- What to do: Please restate, exactly, only the lines from the beginning of the listing below through the line containing "以2014年和2015年国内", with the pictures left out.

- Data provided:
+++++

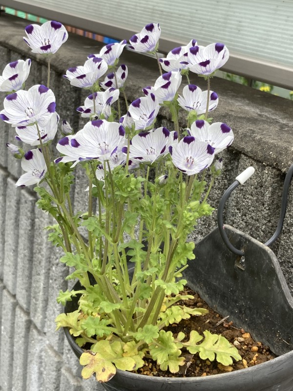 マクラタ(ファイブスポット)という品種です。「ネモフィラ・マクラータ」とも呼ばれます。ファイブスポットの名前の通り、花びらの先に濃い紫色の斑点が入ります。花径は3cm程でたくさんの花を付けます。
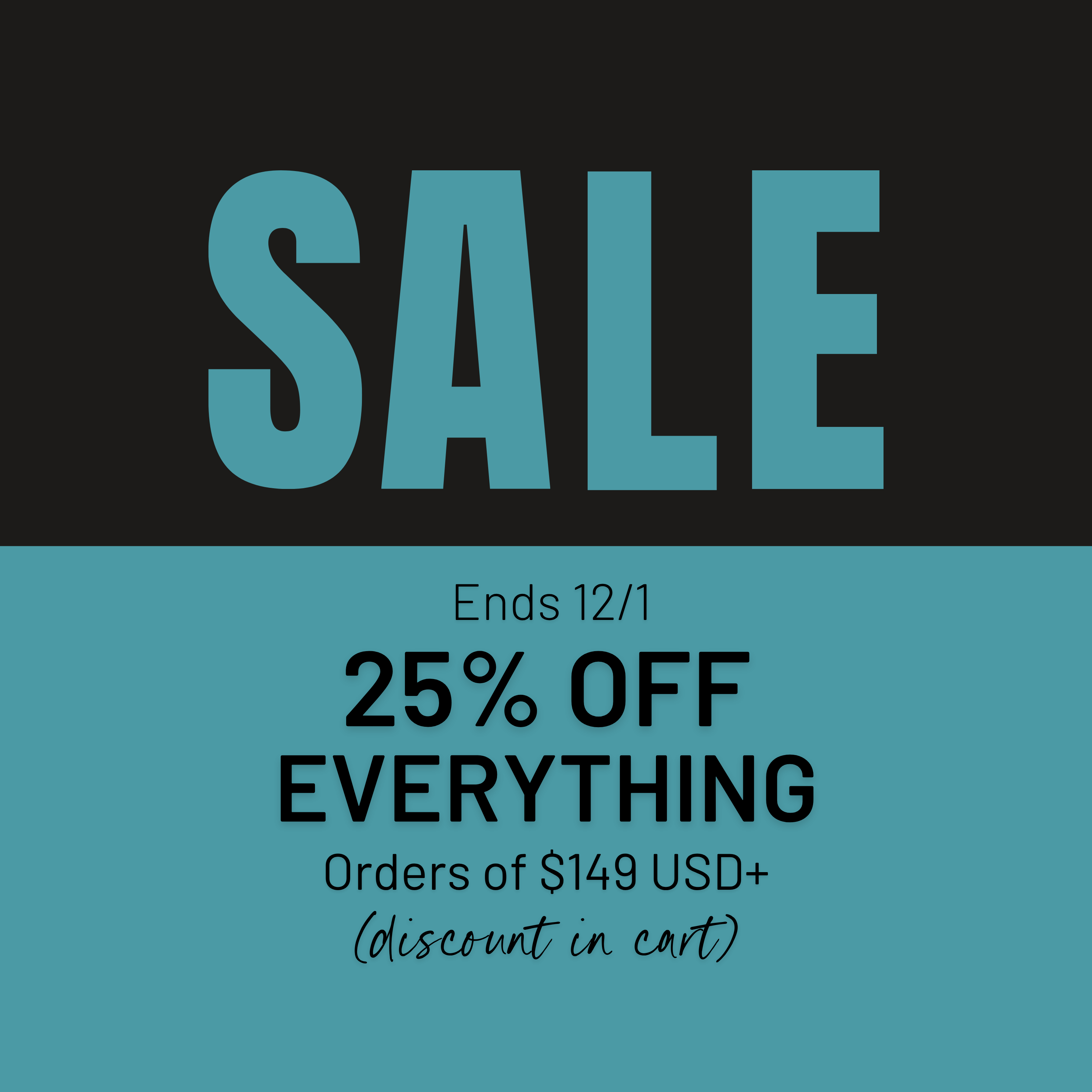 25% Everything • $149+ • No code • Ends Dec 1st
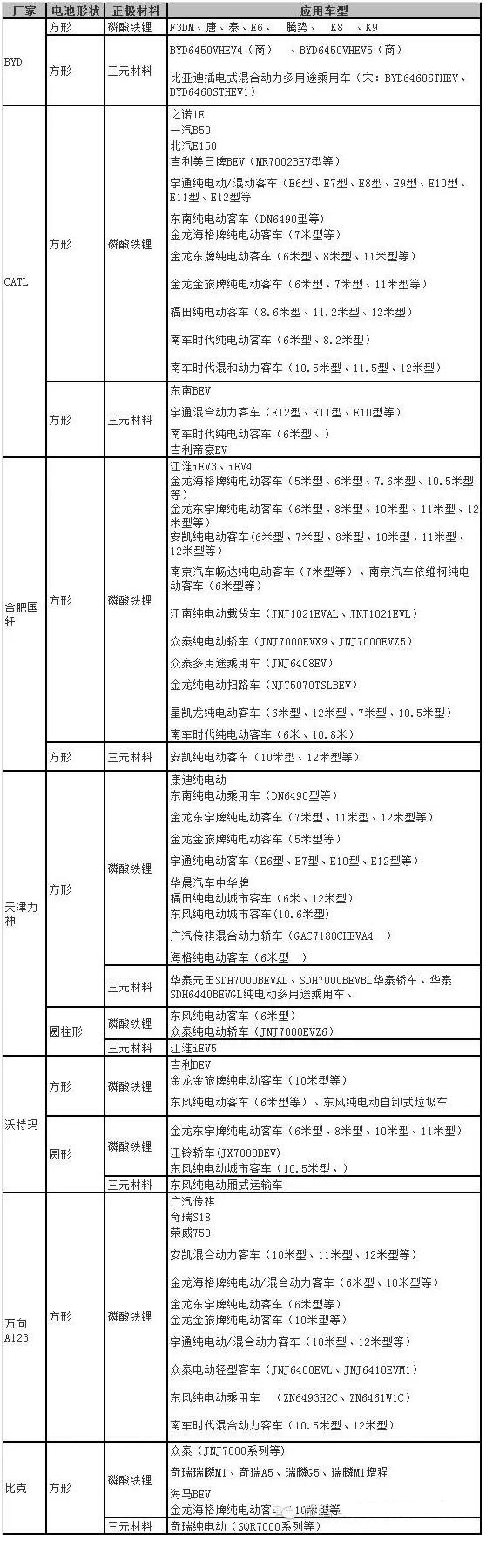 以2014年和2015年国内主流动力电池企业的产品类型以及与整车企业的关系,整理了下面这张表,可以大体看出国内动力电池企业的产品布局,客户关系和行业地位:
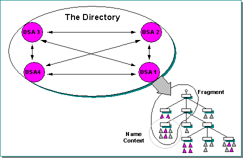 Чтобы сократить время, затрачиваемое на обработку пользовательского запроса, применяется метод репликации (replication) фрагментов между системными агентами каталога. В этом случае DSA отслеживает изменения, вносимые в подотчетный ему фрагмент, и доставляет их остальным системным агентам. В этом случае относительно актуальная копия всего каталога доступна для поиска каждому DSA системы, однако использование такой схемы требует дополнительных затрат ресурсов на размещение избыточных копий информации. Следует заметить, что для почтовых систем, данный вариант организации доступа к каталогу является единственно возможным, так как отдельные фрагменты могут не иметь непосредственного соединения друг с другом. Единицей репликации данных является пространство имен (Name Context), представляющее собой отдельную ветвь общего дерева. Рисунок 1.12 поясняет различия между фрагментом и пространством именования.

+++++

- Answer section:
 マクラタ(ファイブスポット)という品種です。「ネモフィラ・マクラータ」とも呼ばれます。ファイブスポットの名前の通り、花びらの先に濃い紫色の斑点が入ります。花径は3cm程でたくさんの花を付けます。
 25% Everything • $149+ • No code • Ends Dec 1st
 以2014年和2015年国内主流动力电池企业的产品类型以及与整车企业的关系,整理了下面这张表,可以大体看出国内动力电池企业的产品布局,客户关系和行业地位:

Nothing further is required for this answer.